Но раздался звук зловещего рога, кто-то крикнул: «Волк!» — пустил по следу свору газетных псов, окружил нас красными лоскутьями жестоких загонщиков, и люди, хорошо знающие меня, согласились признать меня бешеным волком, будто и увидели даже волчьи клыки, — так легче было жить им самим… Вот поистине сатанинская работа, проделанная в нас и с нами сталинизмом, страхами и эйфорией.

«…Бояджиев и Борщаговский отталкивали от ЦТКА виднейших советских драматургов, стремились поссорить их с театром. Презренным антипатриотам были чужды интересы нашего государства, народа, находившие отражение в произведениях передовых советских драматургов. Борщаговский, маскируясь лживыми заявлениями о борьбе за художественное качество репертуара, поносил и охаивал пьесы драматургов А. Первенцева, А. Барянова и других, расхваливая при этом пьесы буржуазных писателей…» Читатель уже знает, как появился на свет божий «Южный узел» Аркадия Первенцева, а с пьесой Анатолия Барянова «На той стороне» я провозился так долго и потрудился над ней столь основательно, что автор в смятении предложил мне соавторство и унялся только после того, как я сказал, что мне эта честь не нужна, а плата подавно, и если он не уймется, я прекращу работу.

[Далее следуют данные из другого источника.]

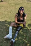 As she is sitting at the entrance, everyone looks and observes her beautiful prosthesis and cast on the other foot.

Но рог загонщиков трубил о «жалких потугах ничтожных пигмеев, вознамерившихся противопоставить себя мощному развитию нашей социалистической культуры», об «антипатриотах, которые будут выброшены на свалку истории», об агентах из лагеря империализма, готовых «идти на любые идеологические диверсии ради того, чтобы ослабить, подорвать мощь передового отряда лагеря демократии — Советского Союза». Майоров, нетерпеливо дожидавшийся моей квартиры, покаянно колотил себя в грудь: «Мы повинны в том, что не сумели своевременно разоблачить работавших в нашем театре антипатриотов Бояджиева и Борщаговского, не разглядели за их дутыми „авторитетами“ враждебной советскому искусству деятельности». Казалось, он проговаривает текст роли в привычном амплуа социального героя и слушают его не десятки людей, знающих, что он лжет, а взволнованный зрительный зал, доверяющий каждому его слову. Знал ли он сам, что лжет? Скорее всего, не знал. Привычным автоматическим усилием прогнал тень сомнений, если она возникла, и весь отдался новой социальной роли — обличению, гневу, а заодно и самобичеванию, — ничто так не возвышает оратора-палача сталинской школы, как словесная мишура, именуемая самокритикой: до жалости ли мне к врагу, если я беспощаден к самому себе! Речь обретает высоту, видимость благородства, а если исполнитель еще из декламаторов, если он — воплощенное рыцарство духа, тогда он поведет за собой толпу фанатиков.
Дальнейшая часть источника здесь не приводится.